The schema declares:
- what kinds of fields there are
- which field should be used as the unique/primary key
- which fields are required
- how to index and search each field
Now we need to make change in schema.xml (server\solr\power1\conf) which provide by default by solr while using the sample_techproducts_configs (Example configuration with many optional features enabled to demonstrate the full power of Solr) as per the our content in file testing.csv put on solr for indexing.We define the field which we are going to use in our testing.csv.
Edit the schema.xml file in the \server\solr\power1\conf folder and add the following contents after the uniqueKey element.
<field name=”name” type=”text_general” indexed=”true” stored=”true”/>
<field name=”cat” type=”string” indexed=”true” stored=”true” multiValued=”true”/>
<field name=”price” type=”float” indexed=”true” stored=”true”/>
<field name=”inStock” type=”boolean” indexed=”true” stored=”true” />
<field name=”store” type=”location” indexed=”true” stored=”true”/>
<field name=”rank” type=”float” indexed=”true” stored=”true”/>
<field name=”title” type=”text_general” indexed=”true” stored=”true” multiValued=”true”/>
<field name=”subject” type=”text_general” indexed=”true” stored=”true”/>
<field name=”author” type=”text_general” indexed=”true” stored=”true”/>
<field name=”keywords” type=”text_general” indexed=”true” stored=”true”/>
<field name=”category” type=”text_general” indexed=”true” stored=”true”/>
<dynamicField name=”*_t” type=”text_general” indexed=”true” stored=”true”/>
<dynamicField name=”*_s” type=”text_general” indexed=”true” stored=”true”/>
Note: As we are using sample_techproducts_configs so field name and dynamic Field already present in schema.xml we need to check it before adding line in schema.xml.

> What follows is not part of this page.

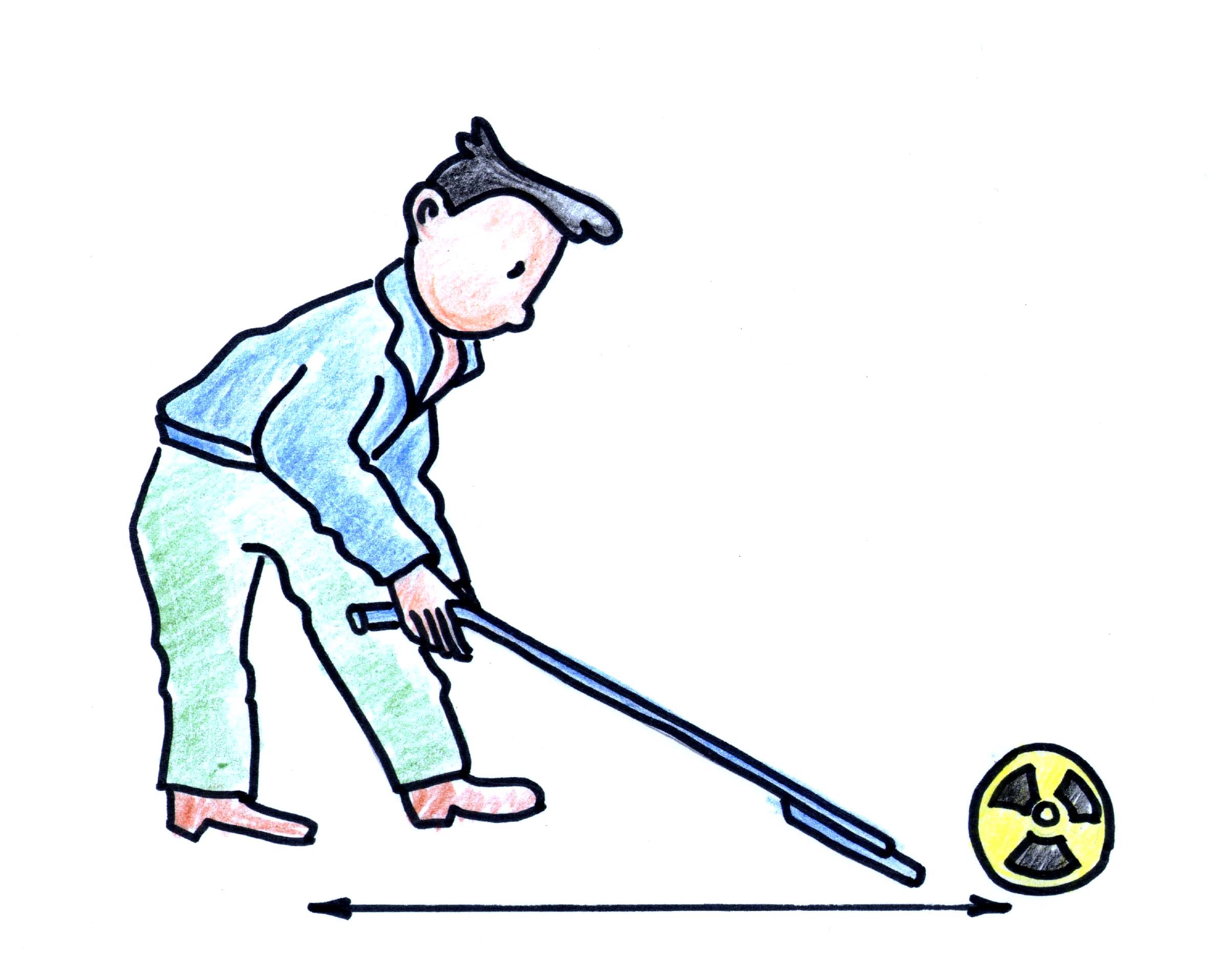 实验证明,点状源所致照射量率与离源距离平方成反比,也就是说,距离增加一倍,照射量率则降为原来的四分之一。因此,离源越远,照射量率越低,在相同时间内受到的照射量也越少。在实际工作中,常用长柄钳子、机械等远距离操作工具,远距离自动控制装置等,以增大人体与辐射源之间的距离。

Repetition will throw error at the time of indexing.
Attribute indexed to true. This specifies the field is used for indexing and the record can be retrieved using the index. Setting the value to false will make the field only stored but can’t be queried with.Another attribute called stored and set it to true. This specifies the field is stored and can be returned in the output. Setting this field to false will make the field only indexed and can’t be retrieved in output.
For Indexing in solr please reference the below link
[js]http://www.solrtutorial.com/basic-solr-concepts.html[/js]
After changes in schema.xml restart the solr
[js]bin/solr restart -p 8983[/js]
Indexing the content
Solr includes a simple command line tool for POSTing various types of content to a Solr server. The tool is bin/post. The bin/post tool is a Unix shell script
[js]bin/post -c power1 testing.csv -p 8983[/js]
bin/post -c core_name <file_name_to_index> -p <Port_number>
For more details use bin/post -help
Search Indexed File
Search the indexed by using the schema browser option available on apache solr dashboard.
Select the required field name for result.
We selected the author field to fetch the required details from solr
Select required author available in author field name to get the details
i.e we have selected author ankit to get respective details
We have option available to view data in different format json,xml,csv etc.